In 1912, he sold his interest in Springfield and bought the Pittsfield Electrics of the same league. He served as president, secretary and manager until 1915, when play was suspended during World War I. He sold his interest in the club to the league in 1916, which merged with the Connecticut League to form the Eastern League. He attempted to develop a new league in Massachusetts in 1916.

After the U.S. entered the war in 1917, Zeller enlisted in the Army as a private. After attending the Officers Training Camp, he was promoted to sergeant and then commissioned a 2nd Lieutenant in 1918. He did not see action but served as a bayonet instructor before being discharged in 1919, when he moved to Texas to work in the oil fields.

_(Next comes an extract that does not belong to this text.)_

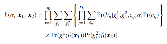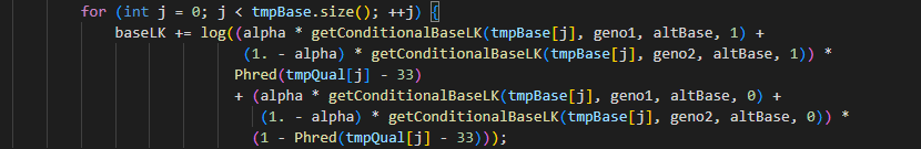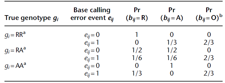 本篇主要和大家分享有关NGS检测体细胞突变时判断DNA污染的方法。 一、 FDA产品- MSK-IMPACT的 DNA污染控制方法 1) 判断样本交叉污染(sample mix-up) 计算参考样本和待查样本间的“不一致比例”,即在参考样本中纯合基因型的位点在待查样本中变成另一个等位基因的纯合基因型的占比。此占比在tumor样本和它们对应的匹配的正常样本间一般应为<5%。相反,和其它个体来源的样本间此占比应高,一般为~25%。具有>5%比例的来自同一个体的配对样本和具有<5%比例的来自不同个体的2个样本被标记成交叉污染的样本组。 2) 判断样本污染 计算次等位位点频率,例如有10个SNP位点,则会有20个染色体,如果均为纯合基因型则次等位位点频率为0%,但有其它样本混入时,如果次等位位点的频率超过2%时,此样本就被列入再评估样本中。 3) 判断配对normal样本中是否存在tumor样本 normal样本不应有常见的已知的SNVs和indels突变。首先,在normal样本中检测已知的热点突变位点,如果一个已知的肿瘤特意的突变位点(例如,BRAF V600E)检测突变频率> 1%时,该normal样本就被列入再评估样本中且有可能从下游分析中排除掉此样本。 二、 判断污染的软件 判断污染的软件根据其目的分为2种,一种是只是检测某个样本是否被其它样本污染,另一种是在判断待查样本是否污染的同时,也能找出污染源样本。以下只介绍一种属于第一类的软件verifyBamID。verifyBamID[1]软件可通过输入一个或多个样本的bam文件,输出样本中的污染比例。该软件的算法如下公式1所示: 公式(1) α:污染比例 x1, x2 :分别为待查样本和污染源样本的遗传谱系坐标 SNP位点个数:总共m个,i∈{1,2,3…m} g1i :待查样本的基因型 g2i :污染源样本的基因型 Di :支持第i个SNP位点的reads数,j∈{1,2,3…Di} eij :表示在SNP位点的位置是否发生测序错误的随机变量,发生错误则为1,未发生错误则为0;eij∈{0,1} bij :覆盖第i个SNP位点的第j条染色体上的在该SNP位点的位置处的碱基类型,R代表reference allele, A代表alternate allele,O代表有别于R和A的碱基类型,bij∈{R,A,O} fi(x) :优化过的第i个SNP位点的人群频率 2.1公式1的逻辑 在指定基因型的条件下(Pr(g1i ;fi(x1))Pr(g2i ;fi(x2))),计算某个SNP位点的所有reads上的碱基类型出现的概率乘积,之后计算所有SNP位点的此概率,将所有这些概率的乘积作为计算α的似然值,通过算法Nelder-Mead使公式1进行收敛,即同时解出α和x1, x2的最佳值。 2.2 Pr(bij|g1i ,g2i ,eij;α) 公式(1)中概率Pr(bij|g1i ,g2i ,eij;α)的计算方法如公式(2)所示,即等于在待查样本中看到各SNP位置处出现各碱基类型的概率和污染源样本中看到这些碱基类型的概率之和。 公式(2) 公式(2)中概率Pr(bij|gi ,eij)的计算方法如下表1所示,在指定的基因型条件和已知的base quality的情况下我们可以推测出各位点处碱基出现的概率。例如,比如一个样本的基因型为RR且未发生测序错误时(eij=0),那么支持这个位点的reads上对应位置处应该出现和RR一样的碱基类型R的概率为100%。当发生测序错误时,那么这个位置上会出现有别于R的碱基类型,因此出现R的概率为0,在剩余3种碱基类型出现和alt(A)碱基一样的碱基类型的概率为1/3,出现有别于R和A的的碱基类型O的概率为2/3。 表1 条件概率Pr(bij|gi ,eij)的计算表 注: a:RR代表纯合野生基因型, RA代表杂合型, AA代表纯合突变基因型 b: O代表有别于R和A的碱基类型,假设有4种碱基类型 2.3 Pr(g1i ;fi(x1))Pr(g2i ;fi(x2)) 公式(1)中Pr(g1i ;fi(x1))和Pr(g2i ;fi(x2))分别代表的是待查样本和污染源样本中在i点处的出现各基因型的概率。在推测出人群频率fi(x)条件下,某个样本的基因型的概率符合二项分布,即gi ~ Binomial(2, fi),因此可根据fi(x)计算出上述2个概率。 2.4 示例 如下表2所示,一个SNP位点的位点名称为rs7525308,在染色体上的位置为45293517(0-based),与参考基因组一样的碱基即ref碱基类型为A,有别于参考基因组的碱基即alt碱基为G。 表2 SNP位点示例 从表3中可知支持该位点的reads总共有10条(见第四列),每条reads上在该位点处的碱基如表3中的第5列信息其中“G”代表和ref不一样的碱基类型,“.”代表和ref一样的碱基类型,第6列表示每个位置处的碱基的碱基质量值。 表3 覆盖rs7525308位点的reads的示例 2.4.1计算Pr(bij|g1i ,g2i ,eij;α)和Pr(eij)值 我们从表3知道第5列各碱基类型出现的概率的乘积即为公式1中大括号内的概率。为了得到此概率,我们首选计算第一个碱基G出现的概率即i=0,j=0时的Pr(bij|g1i ,g2i ,eij;α)和Pr(eij)。前者概率根据公式2计算获得;后者表示该位点的base quality的phred score值。 在第一条read的base为碱基G,该位点的alt碱基为G,假定alpha= 0.0775、第一个样本和第二个样本的基因型分别为RR时、此外该位点的base quality为’>’时LK计算脚本如下所示: 上述脚本中getconditionalBaseLK的算法见表1,比如当基因型为RR且eij=1时,bij上看到G的概率为1/3。Phred(tmpQual[j]-33)中将此位点处的质量值“>”转换成phred值的意思,先将此符号转换成ASCII值,之后减去33后即获得Q-Score值,之后按照以下公式(3)获得测序错误率为0.001258925。因此,公式(1)中大括号内的在RR条件下就等于以下公式中的baseLK值。 公式(3) baseLK=log{{[(0.0775*(1/3)+(1-0.0775)*(1/3)]* 0.001258925 + (0.0775*(1/3)+(1-0.0775)*(1/3)]*0.001258925+{[(0.0775*(0)+(1-0.0775)*(0)]*(1-0.001258925)+(0.0775*(0)+(1-0.0775)*(1/3)]*(1-0.001258925)]}} 2.4.2计算Pr(g1i ;fi(x1))Pr(g2i ;fi(x2))值 根据fi值计算gi1和gi2,因gi~Binomial(2,fi),Pr(g1i ;fi(

Zeller joined the Detroit Tigers of the American League in 1925 as a scout. Zeller served as a scout and supervisor in the Tigers organization from 1938 through 1941. He was appointed GM of the Tigers in 1938, succeeding Mickey Cochrane. He is credited with developing the Tigers' minor league baseball organization. Following an investigation, the Tigers were found to be in violation of the minor league working agreement in 1940, resulting in 91 players being declared free agents by Commissioner of Baseball Kenesaw Mountain Landis. Zeller took full responsibility. Zeller then began to sell off the Tigers' farm teams. He began to believe that the farm system needed to be completely overhauled. In 1944, he proposed a new draft that would end the minor league system, replacing it with "baseball schools".

Zeller stepped down as Tigers' GM in 1945. He was succeeded by George Trautman. Upon leaving the Tigers, he moved to Fort Worth, Texas, where he served as a scout for the East Texas League and Evangeline Baseball League. In 1947, he joined the Boston Braves as their chief scout.

==Personal==
Zeller died of a heart condition in 1969 at the age of 85.